_What is needed_
Below are lines of data; restate word for word those running from the line containing "在思想政治教育專題講座中,福" to the line containing "晶科能源融资融券信息显示,融", inclusive, and no others.

_Working data_
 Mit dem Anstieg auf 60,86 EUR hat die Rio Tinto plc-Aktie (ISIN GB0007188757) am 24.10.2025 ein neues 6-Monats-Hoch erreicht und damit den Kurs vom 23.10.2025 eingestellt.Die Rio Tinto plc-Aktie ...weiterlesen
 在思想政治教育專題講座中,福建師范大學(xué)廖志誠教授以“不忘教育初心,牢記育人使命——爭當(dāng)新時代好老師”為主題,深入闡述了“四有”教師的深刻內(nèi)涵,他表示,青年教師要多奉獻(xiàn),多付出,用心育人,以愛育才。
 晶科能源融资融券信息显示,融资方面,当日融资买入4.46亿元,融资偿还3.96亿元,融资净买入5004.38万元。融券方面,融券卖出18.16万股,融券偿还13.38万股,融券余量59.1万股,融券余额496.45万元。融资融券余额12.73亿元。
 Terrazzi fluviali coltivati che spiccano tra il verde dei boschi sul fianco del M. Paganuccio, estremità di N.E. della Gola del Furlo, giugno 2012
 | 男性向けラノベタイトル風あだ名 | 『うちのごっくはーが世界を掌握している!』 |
--
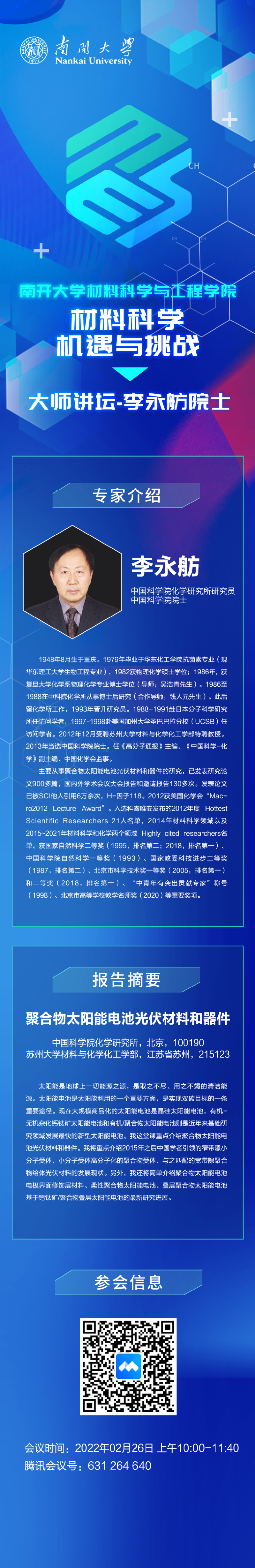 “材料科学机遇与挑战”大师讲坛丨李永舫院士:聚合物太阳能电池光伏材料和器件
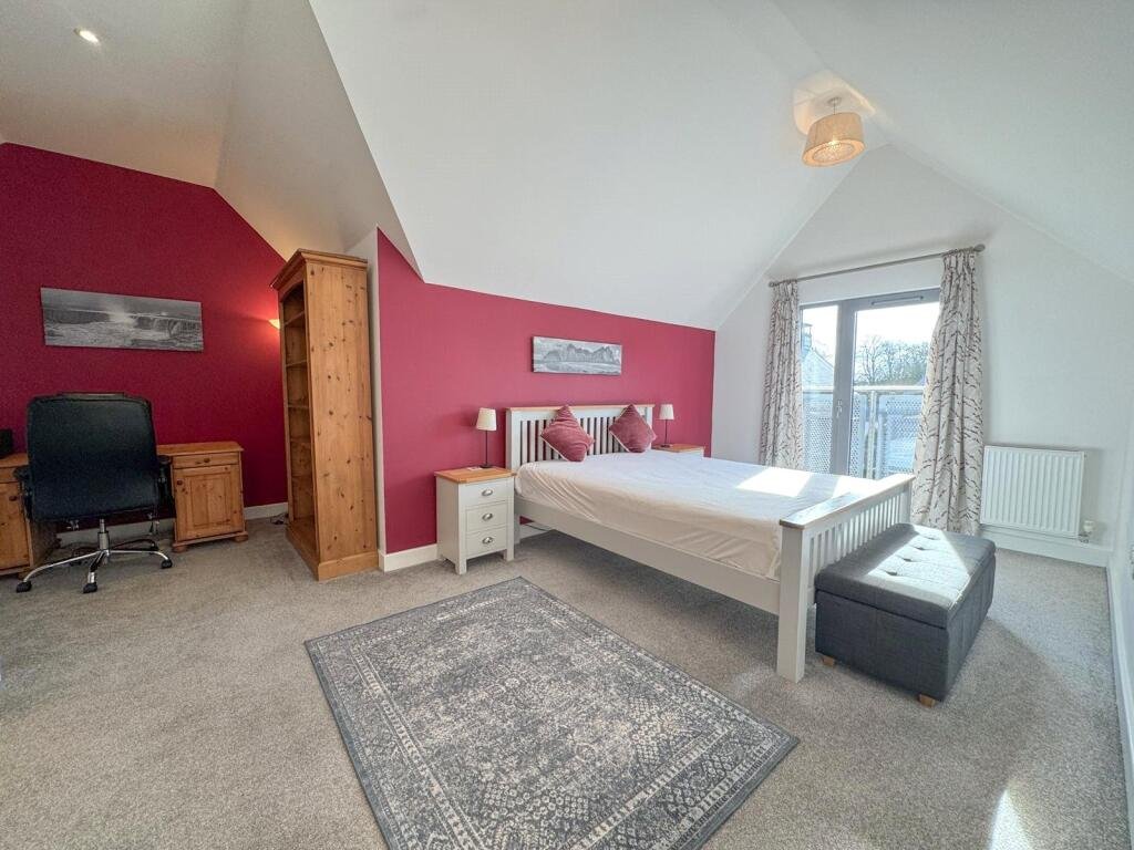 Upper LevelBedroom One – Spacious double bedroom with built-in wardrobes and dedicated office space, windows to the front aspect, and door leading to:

_Answer below_
 在思想政治教育專題講座中,福建師范大學(xué)廖志誠教授以“不忘教育初心,牢記育人使命——爭當(dāng)新時代好老師”為主題,深入闡述了“四有”教師的深刻內(nèi)涵,他表示,青年教師要多奉獻(xiàn),多付出,用心育人,以愛育才。
 晶科能源融资融券信息显示,融资方面,当日融资买入4.46亿元,融资偿还3.96亿元,融资净买入5004.38万元。融券方面,融券卖出18.16万股,融券偿还13.38万股,融券余量59.1万股,融券余额496.45万元。融资融券余额12.73亿元。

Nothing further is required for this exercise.